Social Media, Relationship Goals, and Why All of It Is Complete and Utter Bullshit
Why is dating as a millennial so got damn hard? Seriously. All I know is, social media has altered our expectations of what a healthy relationship looks like. If you open your Twitter app, chances are after a few scrolls you’ll see a couple’s random picture on your timeline, with the words “relationship goals” captioned above it. Now, this couple could really be doing something as simple as… eating dinner, watching a movie, or laying on a beach in that picture but they’re relationship goals? Why? When did the standard for what makes a “happy relationship” become so low? You’re telling me eating dinner with your partner is a… goal? “HOW SWAY?!” Along with that social media also lets you know many people truly do not understand what makes a relationship successful. They see “baecations” being taken and couples in matching clothes and suddenly, THAT’S the goal.

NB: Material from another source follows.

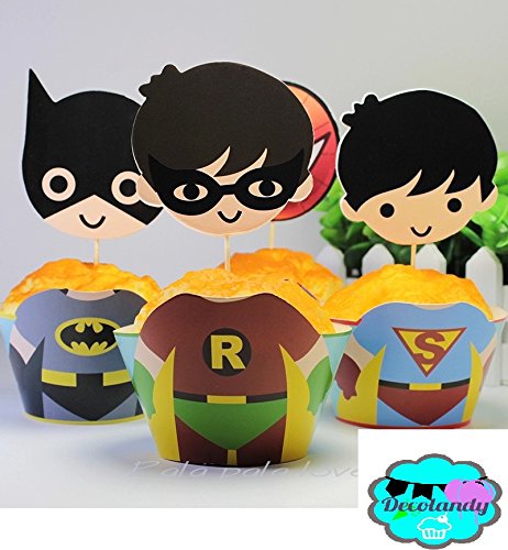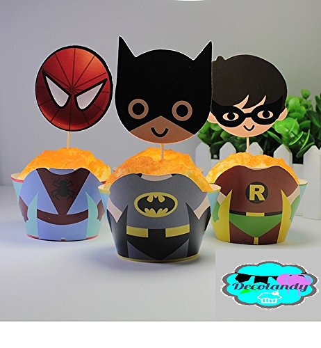 Decolandy 12 set Supercute Superhero cupcak etoppers and wrappers,Avegers Cupcake toppers and wrappers,Superhero party decoration,Superhero party decoartion
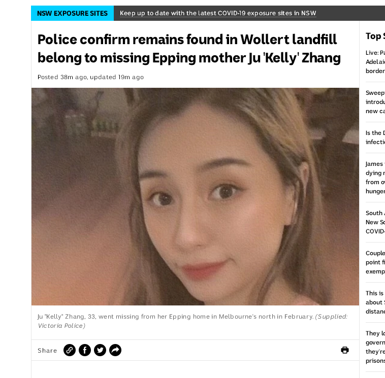 landfill)发现的遗骸属于失踪已久的墨尔本华裔女子张菊(Ju Zhang,音译)。

What happened to standards? If you know what happened to them, make them reappear because I’m not seeing them. I saw a tweet on my timeline once that said all this girl wanted was for a man not to lie to her. That’s it? That’s your requirement, sis? For a man not to be a pathological liar? Let me ask this, then: after you find your honest man, then what? What other qualities does this man have that lets you know he meets the rest of your standards? Oh! I forgot… you haven’t really set “standards”. You think standards are basic things like honesty and someone not cheating on you. No, it’s so much more than that.
Standards are only accepting a person in your life who understands and acknowledges their past traumas and has addressed those issues. Standards are you working 10+ hours a day on your dreams and only accepting someone into your life with the same work ethic as you. Standards are making sure you’re not dating a homophobe because you have gay people in your family you love and respect. THOSE are standards. What you all talk about are BASICS. Honesty, respect, loyalty, and communication are the basics of every healthy relationship. You should not be in a relationship where your partner isn’t giving you these things every single day. Hear me loud and clear: the expectation of being treated with human decency from your committed partner within a relationship is a requirement. A standard is an expectation that goes beyond the basic requirements to continue a successful relationship. Know the difference people.
Also, if your struggle is having basic requirements met by the partners you choose for relationships, then you need to sit back and look at your choice of a partner. If a person has reached a certain level of mental and emotional maturity, then that person understands that respecting you is a basic requirement without you even telling them. They understand that true commitment is a part of a relationship and not stepping out on you isn’t an issue. They understand that actual effort is part of a relationship, so they automatically plan their days to include you in them. If you’re someone that has trouble getting these basic needs met in your relationship, it’s time to step back and figure out what and who you’re allowing into your life. If your parent(s) didn’t show you how to have a healthy, loving relationship in your home growing up, you sure as hell won’t find it in a hashtag on social media. Figure out why you attract the people you do, what your actual needs are when it comes to being in a relationship with you (outside of the typical “honesty”, “love”, and “respect” cliché answers), and adjust your energy to attract nothing less than what you know you deserve.
Listen, I look up to Barack and Michelle’s relationship just as much as the next person but we also have to understand that these people (who we look up to and admire not just as The First Family, but also as a couple) met each other after they became whole, separate individuals. Careers were in place, past traumas were addressed as individuals before entering a relationship, and the personal growth of each person reached a point where they knew they were ready to be in a serious, long-term relationship with someone. Therefore, when Michelle and Barack met, it wasn’t two people meeting who didn’t know themselves, what they wanted out of life, or what they needed from a partner. It was two people meeting who had done the work on themselves separately and could attract each other because of that fact. Healthy attracts healthy. Unhealthy attracts unhealthy. Figure out where you are on that spectrum and do the work that will eventually attract someone who supersedes any type of relationship goal you could ever see on your timeline.
So what are you gonna do, friend? Are you going to continue to build superficial pictures in your head of what you think a healthy relationship looks like or are you going to cut the bullshit, look at your choices and be honest with yourself about why you’re single in the first place? It’s your choice, my love. Make the right one.